По рассказам Сан Саныча, вначале это было интересно — адреналин и азарт, делающий жизнь глупого молодняка насыщенной. Когда не знаешь наверняка, что переживешь следующую минуту, эта минута становится яркой. Тогда, в начале девяностых, когда он только начинал строить свою тайную империю, это было больше похоже на постоянную войну — дележ территории, убийства, пытки, разборки — страшно и драйвово одновременно, как в голливудском боевике. Но потом даже такой бизнес стабилизируется. Десять лет назад из Хабаровска в Москву приехал и двоюродный брат Сан Саныча, которого все называли «Святошей». Он занимался аналогичным «бизнесом» в родных краях, но в Москве крутились совсем другие деньги. А Сан Саныч с радостью принял в свои ряды родственника — более молодого, энергичного, на которого можно переложить часть дел. К тому же двоюродный брат самого шефа, по определению, не считался человеком со стороны, что исключало ненужные терки. Со временем Святоша почти полностью принял на себя руководство всей сетью, что дало приемному отцу Макса возможность немного отдохнуть. Помимо прочего, именно Святошу Сан Саныч и подозревал в заказе его убийства. Но уверенности у него не было — те двое, которых Макс оставил в живых, случайно умерли во время допроса, так и не расколовшись. А идти на открытую конфронтацию без доказательств у Сан Саныча уже не хватало ни сил, ни здоровья. Да чего уж там — и желания тоже. Он не хотел умирать, но был готов к пуле в любой момент — наверное, еще с юности.
Макса Сан Саныч в свои дела не втягивал — просто рассказывал и отвечал на вопросы, но настоял, чтобы при мальчике всегда была охрана. В той школе, куда его перевели, это не было редкостью, а он и не думал сопротивляться. Он вообще все принимал безропотно.

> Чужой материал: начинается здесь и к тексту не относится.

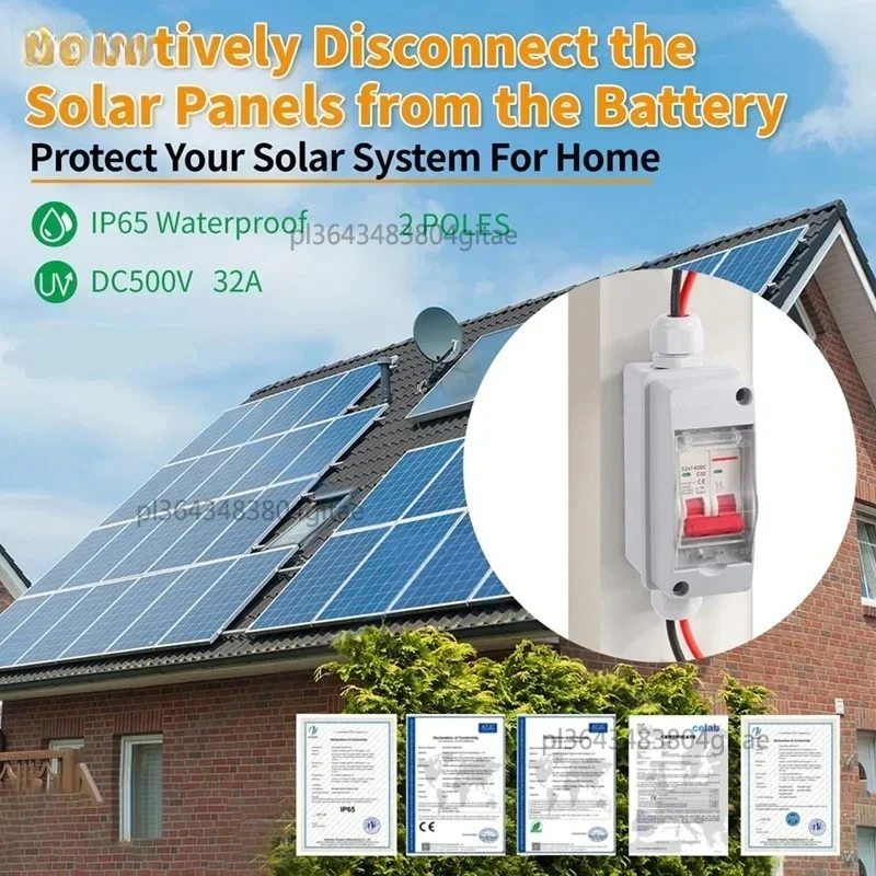 - Rated for 32A current and 500V DC voltage, ensuring safe, reliable disconnection of your solar circuit under working conditions.

Конечно, мужчина понимал, что подросток этот не совсем нормален — он никогда не смеялся, даже не улыбался, не плакал и не жаловался. Создавалось ощущение, что ему просто все равно. Словно он умер когда-то давно, но его тело продолжает ходить по земле. Нанял лучшего в столице психолога, но и тот через несколько сеансов расписался в своем бессилии — Макс просто не отвечал на его вопросы и не вступал в диалог. Потом Сан Саныч сам посещал этого психолога, хотя бы для того, чтобы получить совет относительно своего странного сына.